Abstract P006: A Potential Role for β-Arrestins in Cardiac Regeneration

Abstract

Development of chronic heart failure (HF) syndrome following myocardial injury (MI) is characterized by an extensive loss of myocytes due to substantial apoptosis and necrosis. As bone marrow derived stem cells (BMSCs) are capable of transdifferentiating, they also show potential for regenerating the myocardium after infarction. Stem cell mobilization, egress from the bone marrow and homing to the site of injury can be regulated by signals through G protein-coupled receptors (GPCRs). β-arrestins are known for their signalling and scaffolding functions and as downstream regulators of GPCR desensitization and endocytosis in particular. We have begun to investigate whether β-arrestins play any role in cardiac precursor cell function concentrating on the properties of BMSCs. Using knockout (KO) mice, we investigated the role β-arrestin1 (βArr1) and β-arrestin2 (βArr2) with respect to modulation of regenerative competence of BMSCs and their contribution to cardiac repair following ischemic injury.

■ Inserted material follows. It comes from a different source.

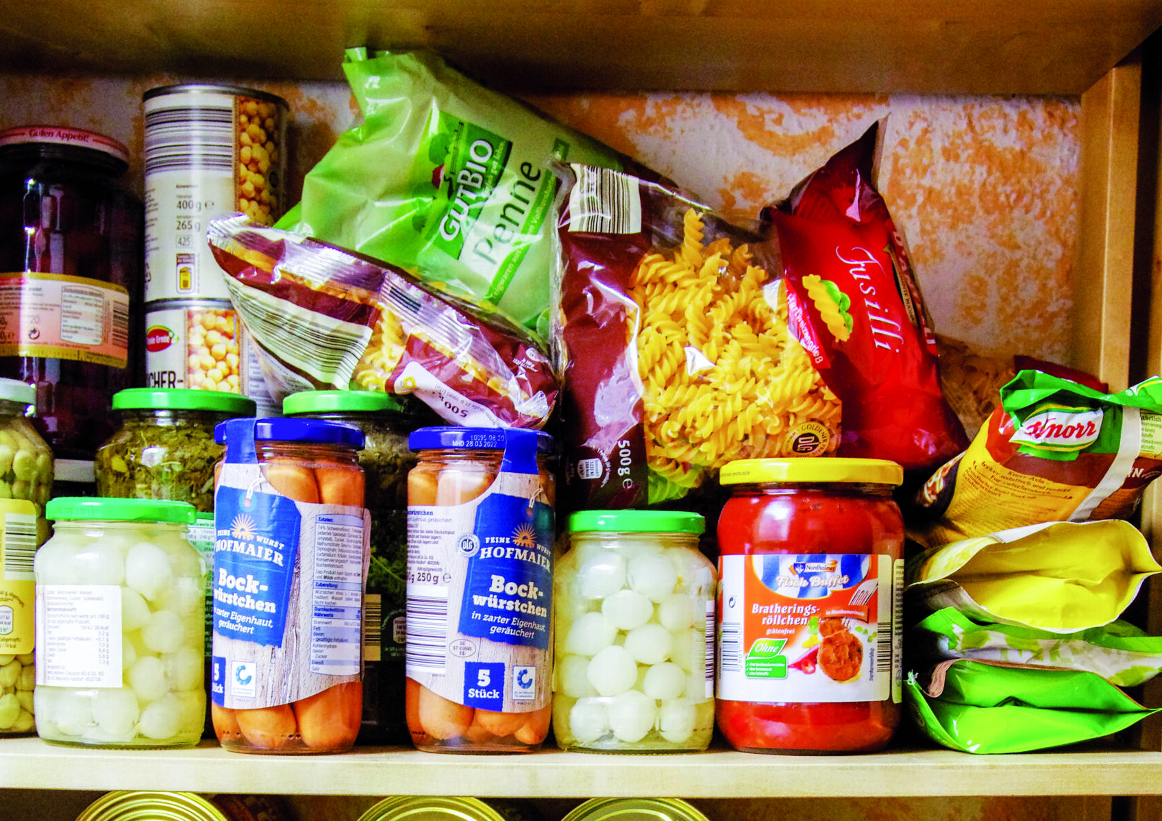 Eigene Essgewohnheiten: Man sollte nichts bevorraten, was einem nicht schmeckt. Wenn die Kinder morgens nur Marmelade oder Nutella auf dem Brot essen, hat es keinen Sinn, massenhaft Dosenwurst zu kaufen, und als Vegetarier bevorratet man kein Corned Beef.

First, BM-derived cells devoid of either βArr1 or βArr2 were found to proliferate and colonize in a significantly deficient manner compared to BM cells isolated from wild-type (WT) mice. In addition, the number of c-kit positive cardiac stem cells (as a % of total BM) were significantly lower in the βArr KO mice compared to WT. We carried out BM transplant studies to begin to determine whether the βArrs may play a role in cardiac repair. In our study, WT mice were irradiated and then received BM transplants from either WT donors as a control or BM from βArr1 or βArr2 KO mice. Subsequent to BM reconstitution, mice underwent a myocardial infarction (MI) and their condition was followed. Interestingly, chimeric mice with βArr1 and βArr2 KO BM had significantly poorer outcomes than mice receiving WT BM. This included significantly decreased post-MI survival with βArr2 KO BM and both βArr chimeras had significantly lower cardiac function post-MI compared to mice receiving WT BM. Additionally, our analyses of the BM cells and very small embryonic-like stem cells (VSELs) circulating in peripheral blood (PB), indicate that βArr-KO BM and PB contain fewer and less viable cardiac stem/precursor cells compared to WT transplanted controls.